Pseudouridylation defect due to DKC1 and NOP10 mutations causes nephrotic syndrome with cataracts, hearing impairment, and enterocolitis
Authors list
Eszter Balogh Jennifer C Chandler Máté Varga Mona Tahoun Dóra K Menyhárd Gusztáv Schay Tomas Goncalves Renáta Hamar Regina Légrádi Ákos Szekeres Olivier Gribouval Robert Kleta Horia Stanescu Detlef Bockenhauer Andrea Kerti Hywel Williams Veronica Kinsler Wei-Li Di David Curtis Maria Kolatsi-Joannou Hafsa Hammid Anna Szőcs Kristóf Perczel Erika Maka Gergely Toldi Florentina Sava Christelle Arrondel Magdolna Kardos Attila Fintha Ahmed Hossain Felipe D'Arco Mario Kaliakatsos Jutta Koeglmeier William Mifsud Mariya Moosajee Ana Faro Eszter Jávorszky Gábor Rudas Marwa H Saied Salah Marzouk Kata Kelen Judit Götze George Reusz Tivadar Tulassay François Dragon Géraldine Mollet Susanne Motameny Holger Thiele Guillaume Dorval Peter Nürnberg András Perczel Attila J Szabó David A Long Kazunori Tomita Corinne Antignac Aoife M Waters Kálmán Tory Toggle all authors (57)
Abstract
RNA modifications play a fundamental role in cellular function. Pseudouridylation, the most abundant RNA modification, is catalyzed by the H/ACA small ribonucleoprotein (snoRNP) complex that shares four core proteins, dyskerin (DKC1), NOP10, NHP2, and GAR1. Mutations in DKC1, NOP10, or NHP2 cause dyskeratosis congenita (DC), a disorder characterized by telomere attrition. Here, we report a phenotype comprising nephrotic syndrome, cataracts, sensorineural deafness, enterocolitis, and early lethality in two pedigrees: males with DKC1 p.Glu206Lys and two children with homozygous NOP10 p.Thr16Met.

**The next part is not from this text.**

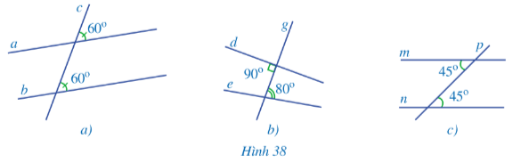 - Trong hình 38b ta quan sát thấy có hai góc so le trong không bằng nhau (90° ≠ 80°) nên ta dự đoán đường thẳng d không song song với đường thẳng e. Hình 38b không có đường thẳng song song.
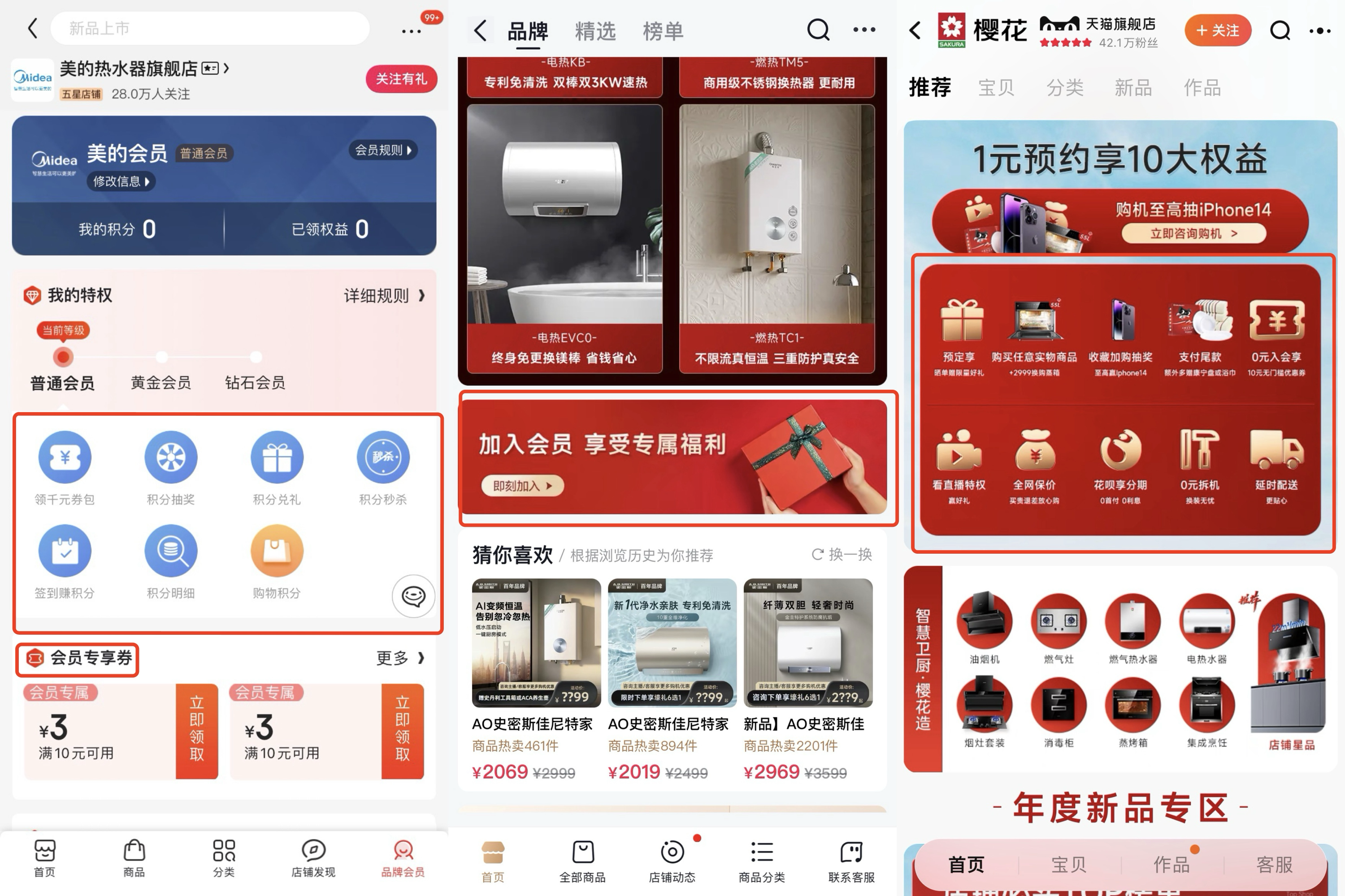 比如,美的在京东官方店铺中设置会员专享礼券、抽奖、积分秒杀等活动;史密斯在抖音等社媒渠道设置入会专享福利;樱花对于会员设置诸多丰富的福利与活动,如预定礼、抽奖、保价等权益。

Females with heterozygous DKC1 p.Glu206Lys developed cataracts and sensorineural deafness, but nephrotic syndrome in only one case of skewed X-inactivation. We found telomere attrition in both pedigrees, but no mucocutaneous abnormalities suggestive of DC. Both mutations fall at the dyskerin-NOP10 binding interface in a region distinct from those implicated in DC, impair the dyskerin-NOP10 interaction, and disrupt the catalytic pseudouridylation site. Accordingly, we found reduced pseudouridine levels in the ribosomal RNA (rRNA) of the patients. Zebrafish dkc1 mutants recapitulate the human phenotype and show reduced 18S pseudouridylation, ribosomal dysregulation, and a cell-cycle defect in the absence of telomere attrition. We therefore propose that this human disorder is the consequence of defective snoRNP pseudouridylation and ribosomal dysfunction.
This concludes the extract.